Hi, Mike C. Fletcher wrote:

...

http://blog.vrplumber.com/1353

Thanks, nice article. And I've tried that code snipped, but it didn't help much in my case, as response times are below 1 second. Please see these measurements, taken with apache bench. I'm testing response times on a simple status resource, which doesn't take long to calculate (i.e. doesn't even throw a deferred, but returns a response immediately): Document Path: /status Document Length: 202 bytes Concurrency Level: 10 Time taken for tests: 0.202266 seconds Complete requests: 100 Failed requests: 0 Write errors: 0 Total transferred: 38400 bytes HTML transferred: 20200 bytes Requests per second: 494.40 [#/sec] (mean) Time per request: 20.227 [ms] (mean) Time per request: 2.023 [ms] (mean, across all concurrent requests) Transfer rate: 182.93 [Kbytes/sec] received Now, measured while the server is under very small load: Document Path: /status Document Length: 202 bytes Concurrency Level: 10 Time taken for tests: 4.103465 seconds Complete requests: 100 Failed requests: 0 Write errors: 0 Total transferred: 38400 bytes HTML transferred: 20200 bytes Requests per second: 24.37 [#/sec] (mean) Time per request: 410.347 [ms] (mean) Time per request: 41.035 [ms] (mean, across all concurrent requests) Transfer rate: 9.02 [Kbytes/sec] received When putting the server under real load, those response times climb up to two seconds, so there must be something wrong.
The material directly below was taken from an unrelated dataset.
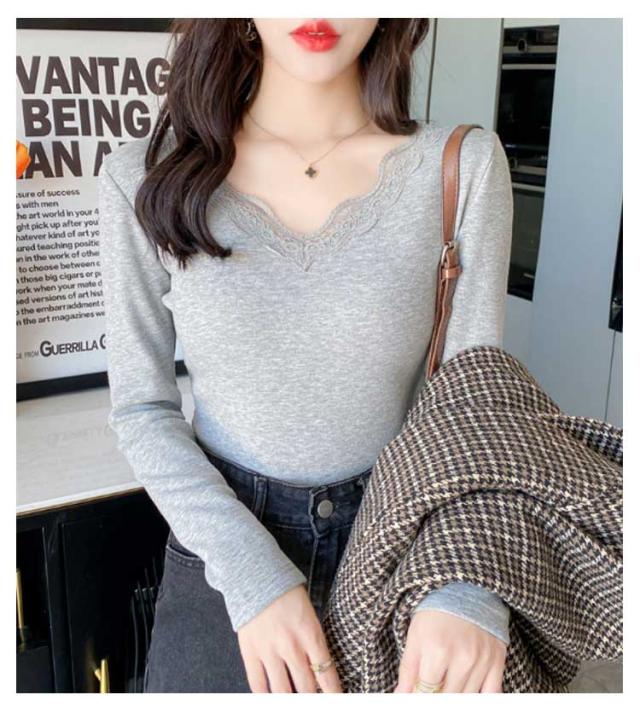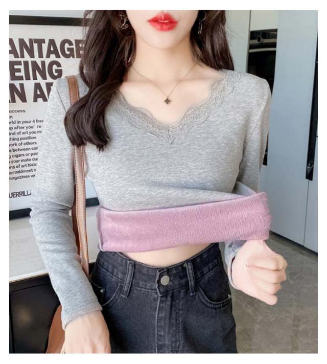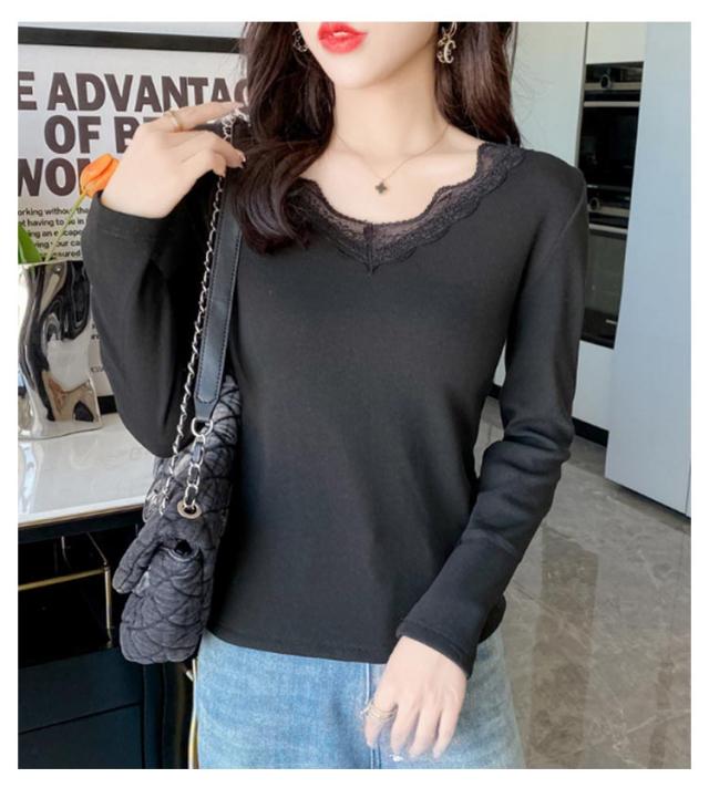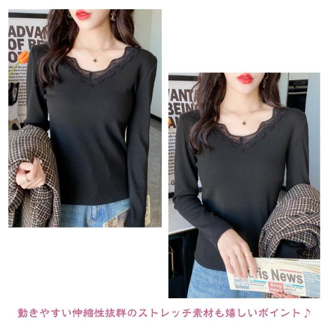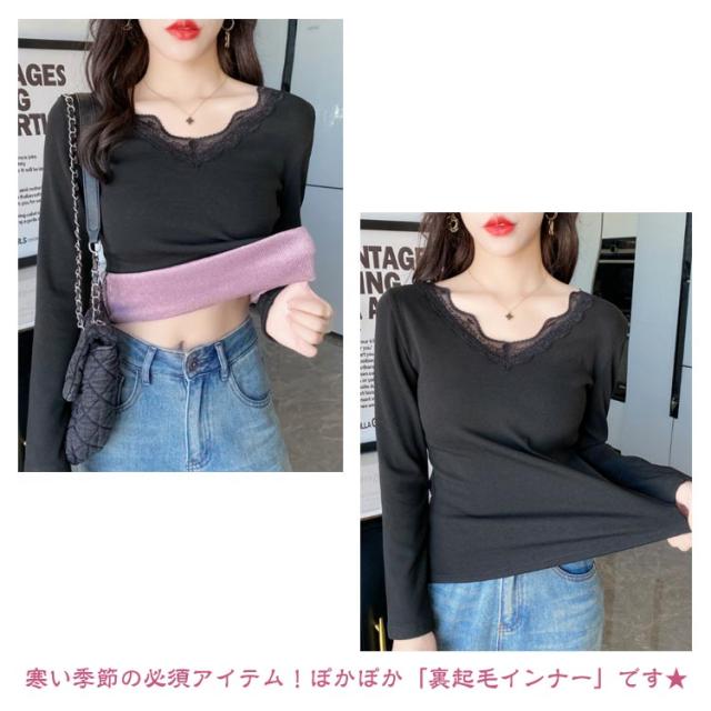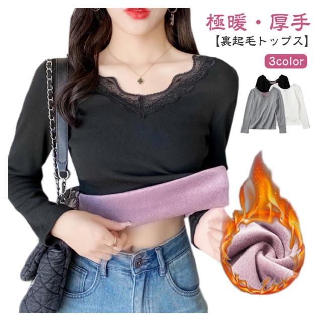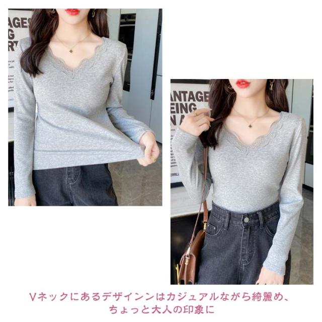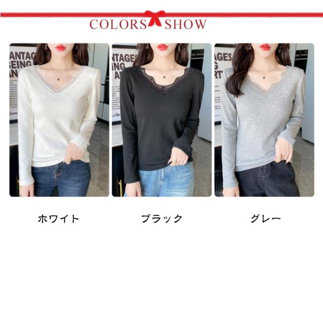 裏起毛 カットソー レース Vネック あったかインナー 極暖 暖かい トップス レディース 長袖 インナー レーストップス 見せるインナー ブラック ホワイト グレー 黒 白 秋冬 あったか 肌着 重ね着 プルオーバー おしゃれ 保温 防寒 ストレッチ ぽかぽか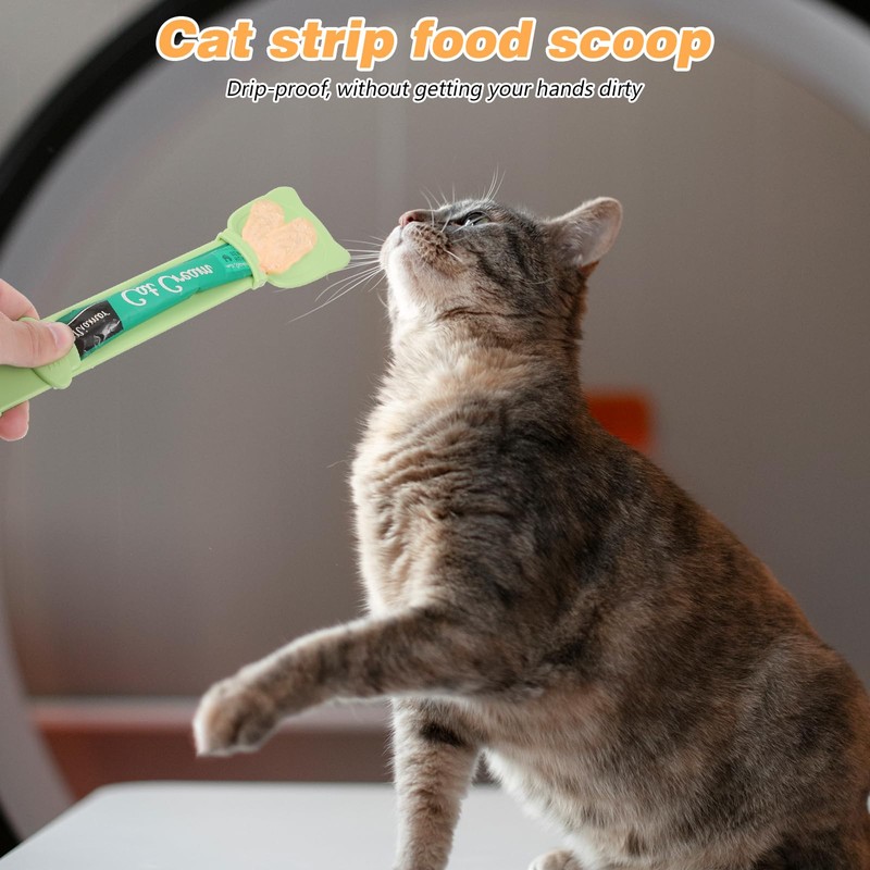 • 【Easy to Use】This cat spoon for wet food is designed with an ergonomic handle that provides a comfortable grip for precise control. Simply open the cat food scoop, insert the cat strips, tear the seal, close the cat food feeder, and push the sliding clip with your thumb to easily dispense snack.

Can I somehow get the reactor's state, i.e. how many deferreds are waiting in the queue, how many threads are running concurrently, etc? How good is the idea of deferring File I/O to threads, i.e. threads.deferToThread(self.filehandle.write, data)? Another possibly blocking module might be the database api, but I'm using twisted's enterprise adbapi, which should be async, AFAICT. Maybe copying data around takes time. I'm sending around chunks of 64k size (streaming from the database to an external programm). Reducing chunk size to 1k helps somewhat (i.e. response time is seldom over 150ms, but can still climb up to > 0.5 seconds). Hum... external program.... maybe it's the self.transport.write() call which blocks several 100ms? Is it safe to write: d = threads.deferToThread(self.transport.write, dataChunk) (i.e. call transport.write from a thread?) How much resources do these deferToThread() deferreds eat? AFAICT, the reactor prepares a thread pool, which leads me to think that it's a well optimized implementation... Regards Markus

Jean-Paul Calderone

3:08 p.m.

On Wed, 27 Jun 2007 16:32:07 +0200, Markus Schiltknecht <markus@bluegap.ch> wrote:

...

Hi,

Mike C. Fletcher wrote:

...
http://blog.vrplumber.com/1353

Thanks, nice article. And I've tried that code snipped, but it didn't help much in my case, as response times are below 1 second.

You could try twistd --profile or one of the other Python profilers. Jean-Paul

glyph＠divmod.com

4:32 p.m.

On 02:32 pm, markus@bluegap.ch wrote:

...

Requests per second: 494.40 [#/sec] (mean)

...

Now, measured while the server is under very small load:

...

Requests per second: 24.37 [#/sec] (mean)

...

When putting the server under real load, those response times climb up to

What is 'real load'? Are you talking about things in process with, but not related to, the web server?

...

two seconds, so there must be something wrong.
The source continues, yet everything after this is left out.